Coordinate norm is a kind of vector norm, also called p norm. It is to sum the absolute values of each coordinate of a vector to the power of p, and then find its root of p, that is, |||||||| p = (| x1| p +| x2 | p+... +| xn | p) (65438).
N is the dimension of the vector. For example, when p= 1, the coordinate norm is the sum of the absolute values of the coordinates in each dimension of the vector, and when p=2, it is the Euclidean norm of the vector, indicating the length of the vector.
Norm is a basic concept in mathematics. In functional analysis, it is defined in a normed linear space and satisfies certain conditions, that is, nonnegativity; Homogeneity; Trigonometric inequality is often used to measure the length or size of each vector in a vector space (or matrix).
Nominal definition
Norm is a function with the concept of "length". In the fields of linear algebra, functional analysis and related mathematics, norm is a function that gives all vectors in vector space non-zero positive length or size. A semi-norm can give a nonzero vector a zero length.

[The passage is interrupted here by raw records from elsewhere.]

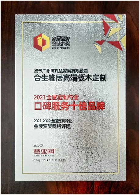 合生雅居憑借優質的口碑和過硬的品牌實力,榮獲“金菠蘿品牌盛典榮譽榜單”全屋定制口碑服務十佳品牌大獎,獲此殊榮也充分的體現了廣大消費者對合生雅居的高度認可與支持,為合生雅居輝煌征程再添榮耀與激勵!
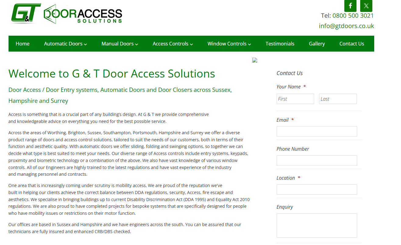 Across the areas of Worthing, Brighton, Sussex, Southampton, Portsmouth, Hampshire and Surrey we offer a diverse product range of doors and access control solutions, tailored to suit the needs of our customers, both in terms of their function and aesthetic quality. With automatic doors we offer sliding, folding and swinging options, so together we can decide what type is best suited to meet your needs. Our diverse range of Access controls include entry systems, keypads, proximity and biometric technology or a combination of the above. We also have vast knowledge of various window controls. All of our Engineers are highly trained to the latest regulations and have vast experience of the industry and managing personnel and contracts.
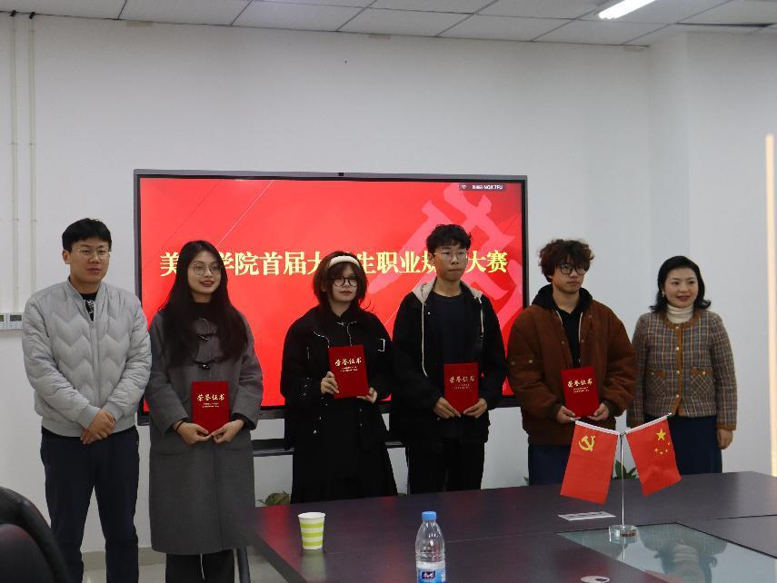 为贯彻落实党的二十大精神,增强大学生职业规划意识,11月14日下午,美术学院在美术楼307会议室举办大学生职业生涯规划大赛。美术学院党总支副书记李卫国、传媒学院学管办负责人陈伟伟、设计学院学管负责人王亚鹏、美术学院团总支负责人阮仁斌和学管办负责人刘民老师出席此次比赛并担任评委。各班级共13名选手参加参赛,部分学生到场观摩比赛。
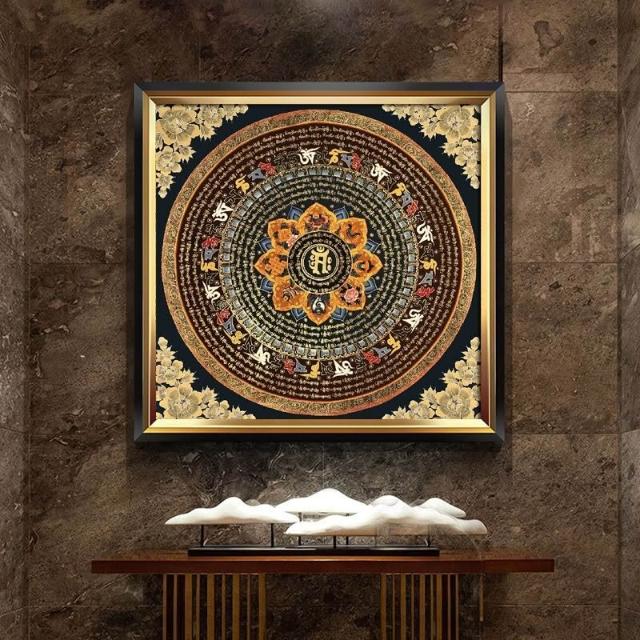 藏族壇城掛畫 唐卡玄關裝飾畫 輕奢中式 鎮宅佛堂招財咒輪 西藏墻壁畫

The vector space defining the norm is a normed vector space; Similarly, the vector space that defines a seminorm is a seminormed vector space.
Matrix norm
If║║║is a compatible specification, and any norm║║║║that satisfies║║║is is not a compatible specification, then║║║is called it. For any norm ║║║║║║║║║║║║║║║║║║║║║║║║ιιιιιι 0, so k ║ ║ is the minimum norm.
Note: If compatibility is not considered, there is no difference between matrix norm and vector norm, because all mxn matrices are isomorphic with mn-dimensional vector space. The main purpose of introducing compatibility is to keep the characteristics of matrix as a linear operator, which is consistent with the compatibility of operator norm, and can get information other than Mincowski theorem.